Remember Marie-Joseph Rose Tasher de la Pagerie, the borderline aristocrat born and raised in Martinique who rose from relative obscurity to rule the French Empire in the early 1800’s alongside her husband, Napoleon? (If you don’t, read this.) Empress Josephine, as she became known, was generally popular among her subjects. Kind and generous are two words commonly used to describe her, and certainly she must’ve picked up some sympathy points from the public for the way Napoleon dumped her after 14 years of marriage in favor of a younger princess that could bear him an heir.
Why, then, is this statue of the celebrated Empress stained with red paint symbolizing blood and missing its head?
Well, it’s complicated…
Let’s start with location. The statue sits in the sprawling La Savane Park in downtown Fort-de-France, just across the Bay of Fort-de-France from Trois-Ilets, where Josephine lived as a girl. In other words, her home turf.
You might think the love for her would be strongest on home soil, right? After all, Josephine did bring much fame and attention to her home island during her life. Even now, she remains one of the most famous people from Martinique, if not the entire Caribbean.
Ask around on your next visit to Martinique and you’re sure to get wildly varying opinions about the home grown Empress. Many harbor a strong sense of pride over the lofty station in life to which Josephine rose. At the same time, though, it’s one particular royal decree that she is said to have influenced greatly that engenders just as much (if not more) hate among local Martinicans.
That decision: the reinstatement of slavery.
France had originally abolished slavery in 1789, but soon after Napoleon and Josephine assumed their thrones in 1804, it was re-established. Many say it was Josephine that pushed for the change to benefit her family’s failing plantation interests back in Martinique.
Imagine being a former slave living as a free man or woman in Martinique for more than 10 years, then being forced back into bondage at the alleged behest of your home island’s most famous citizen. The old adage “time heals all wounds” may apply in most cases, but for many in Martinique, it sure doesn’t apply when it comes to Empress Josephine.

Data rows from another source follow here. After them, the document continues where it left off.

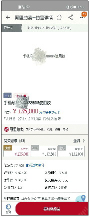 章丘法院将该号码在某宝司法拍卖网络平台进行公开拍卖,7人报名,274人设置提醒,6891人围观,最终以135000元成交。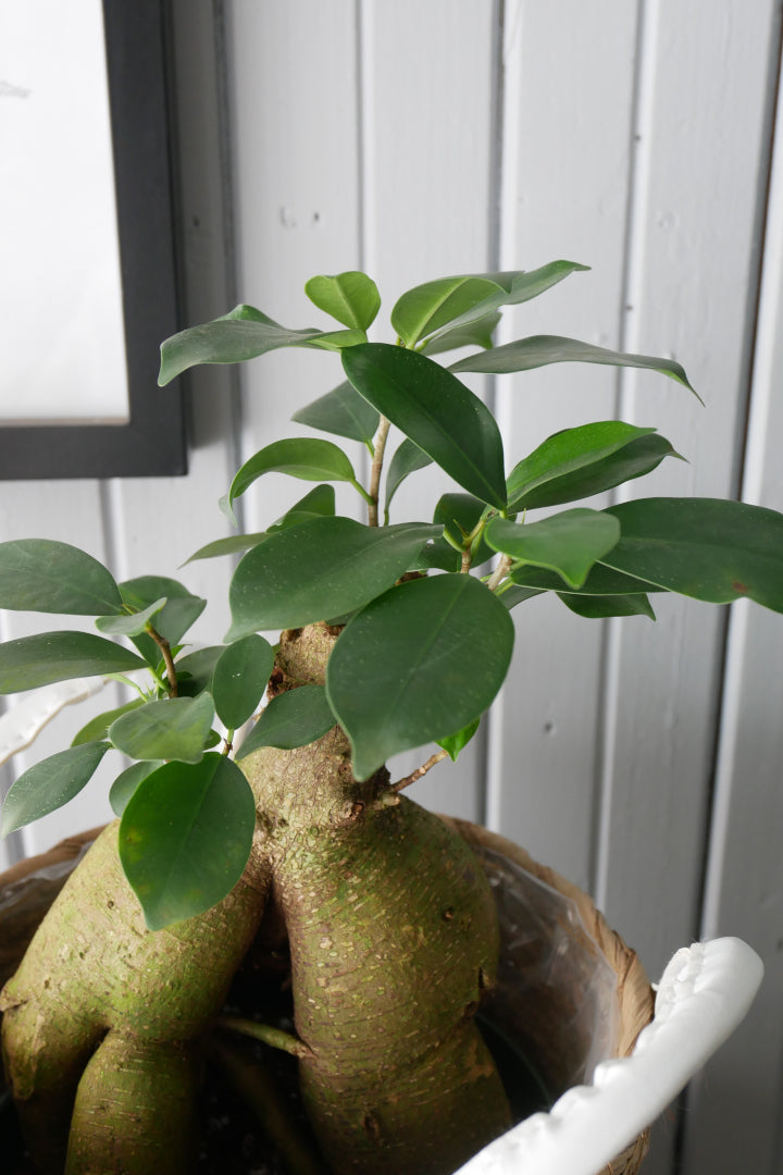 Le Ficus ginseng est recommandé pour les personnes souhaitant se lancer dans l'art du bonsaï. Il a des racines imposantes ramifiées et aériennes, ce qui en fait sa caractéristique première, d'ailleurs "ginseng" en chinois signifie racine. Bien qu'il s'agisse d'une plante d'intérieur, il appréciera de passer l'été en extérieur, à l'ombre.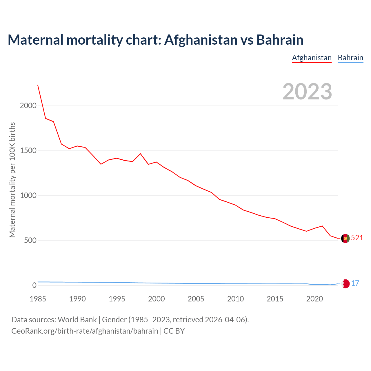 The maternal mortality rate, which is the probability of dying during childbirth or within 42 days of pregnancy termination, is 521 deaths per 100,000 live births in Afghanistan, compared to 17 deaths in Bahrain.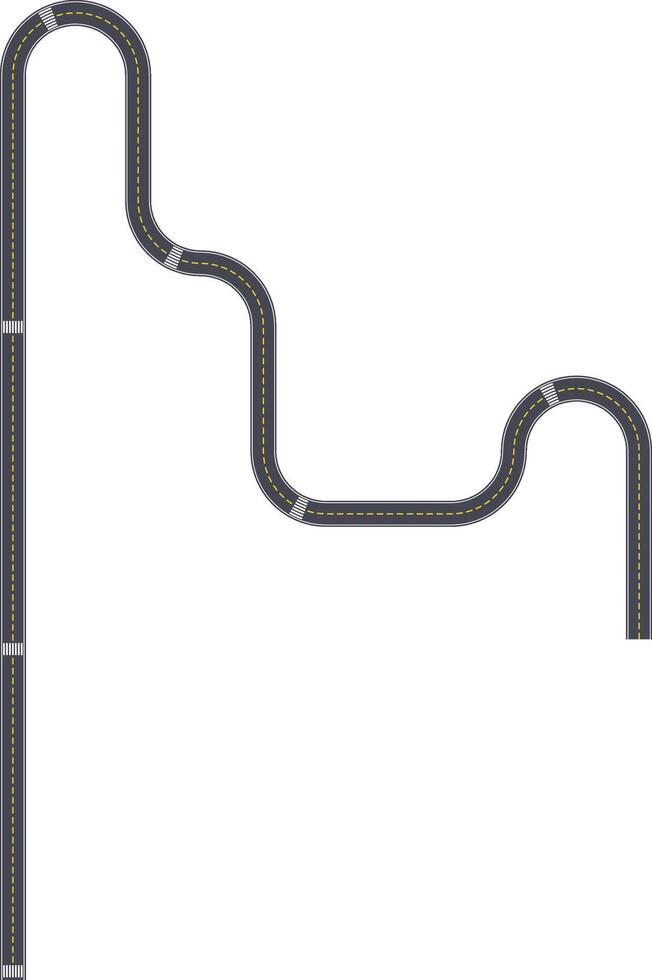 Top view highway path graphic showing a zigzag route with extended squared turns. Pro Vector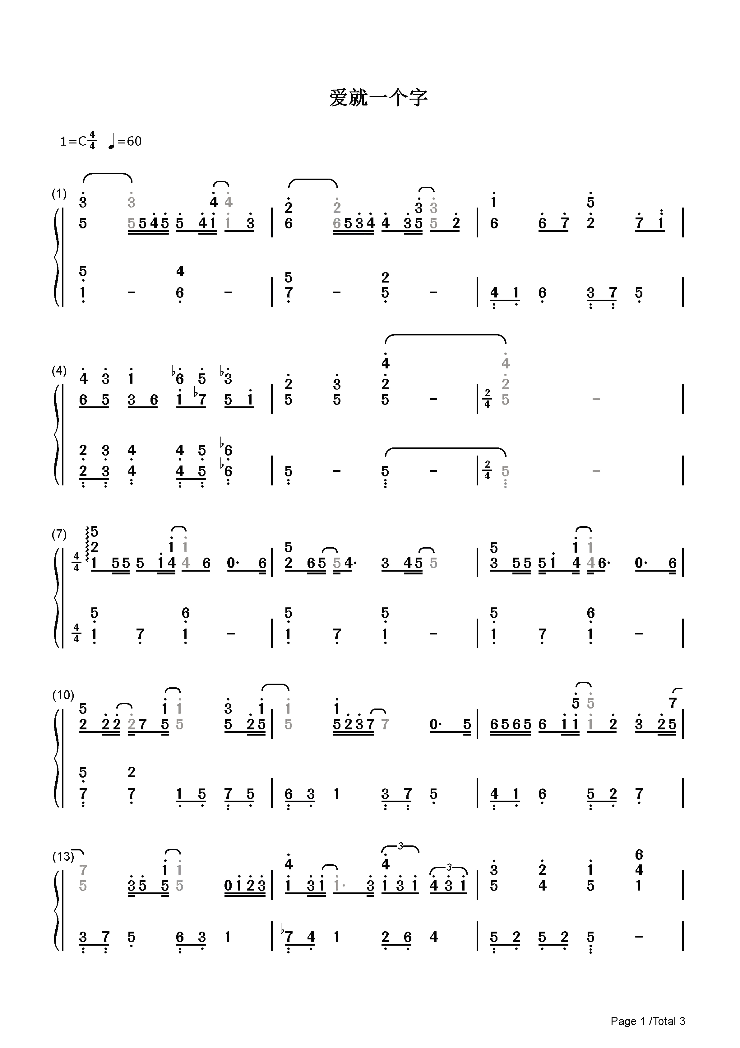 爱就一个字_歌谱简谱_哆来咪123曲谱网

The complexities surrounding the love-hate feelings for Josephine are on full display at her statue. The decapitation echoes the guillotine so commonly used during the Reign of Terror to execute all enemies of the French Revolution, many of whom were aristocrats like Josephine. The red paint, Josephine’s blood.
I didn’t notice it when I visited the statue in August, but I’ve read that on the pedestal the vandals wrote: “Respe ba Matinik. Respe ba 22 Me.” Translated from Creole, it means “Respect Martinique. Respect May 22.” The reference is to May 22, 1848, the date of the slave rebellion that eventually led to the final abolition of slavery in the French Colonies.

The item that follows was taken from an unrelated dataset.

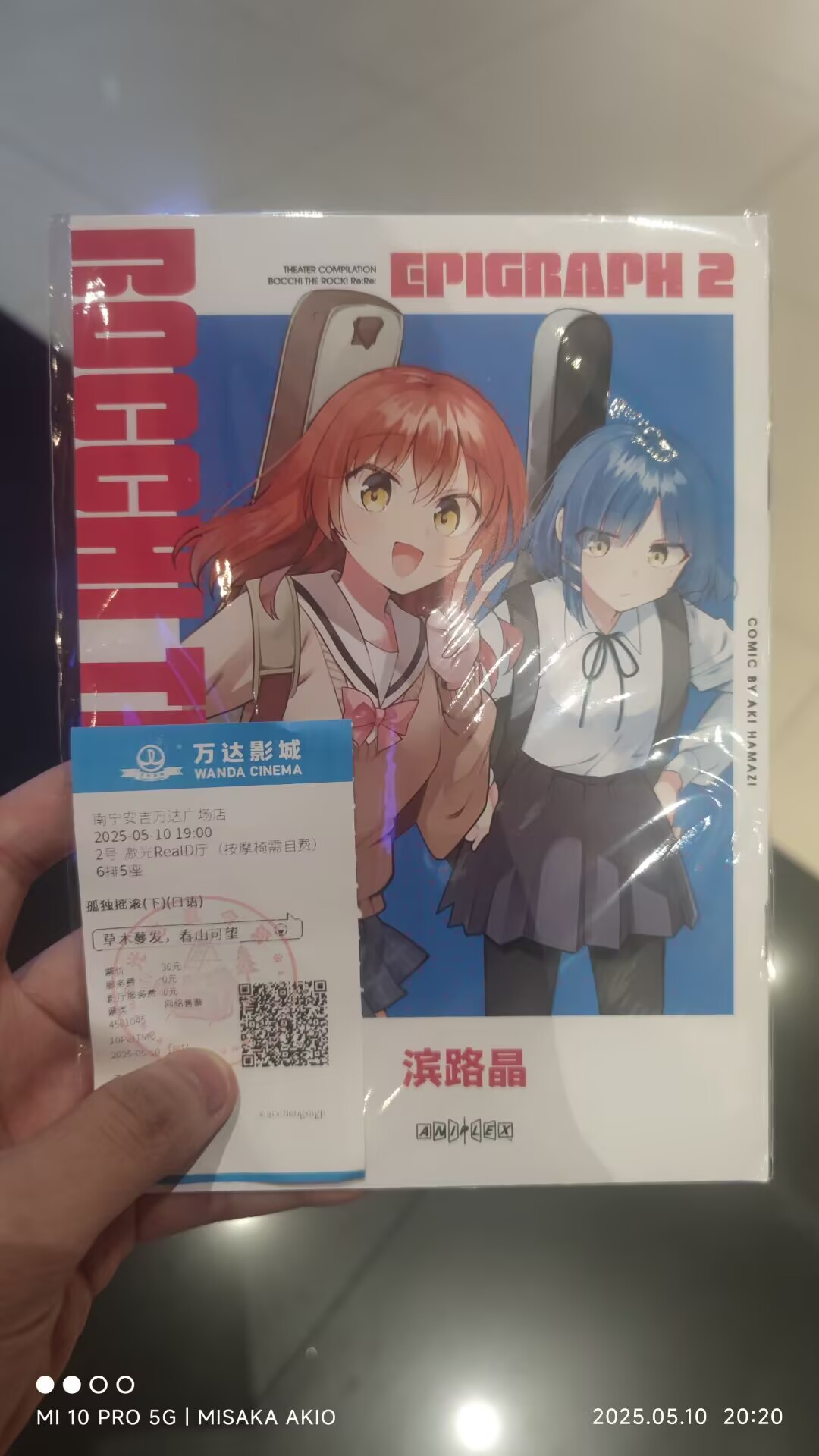 然后晚上在别人的建议下去看了下电影放松心情,鉴于五一档的电影都很难平,秉着波奇酱好看捏的心情就直接去看孤独摇滚的下部了(正好是内地上映的第一天)

That’s all the hate, but how about the love? The statue was originally installed in La Savane way back in 1859, just 45 years after Josephine died. It’s stood there in Fort-de-France honoring the Empress for more than 150 years! Even now, more than 20 years since the head has gone missing, there’s no talk of removing or repairing the statue. Nor is anyone calling for a clean up of the “blood.” No one has ever come forward with information on the missing head either. The whole episode just sits there, suspended in time; a symbol of the deep and enduring scars of the island’s colonial past.
Defaced as it is, the statue still speaks to the indelible mark Martinique’s most famous daughter left on the island and the world, both in good ways and bad.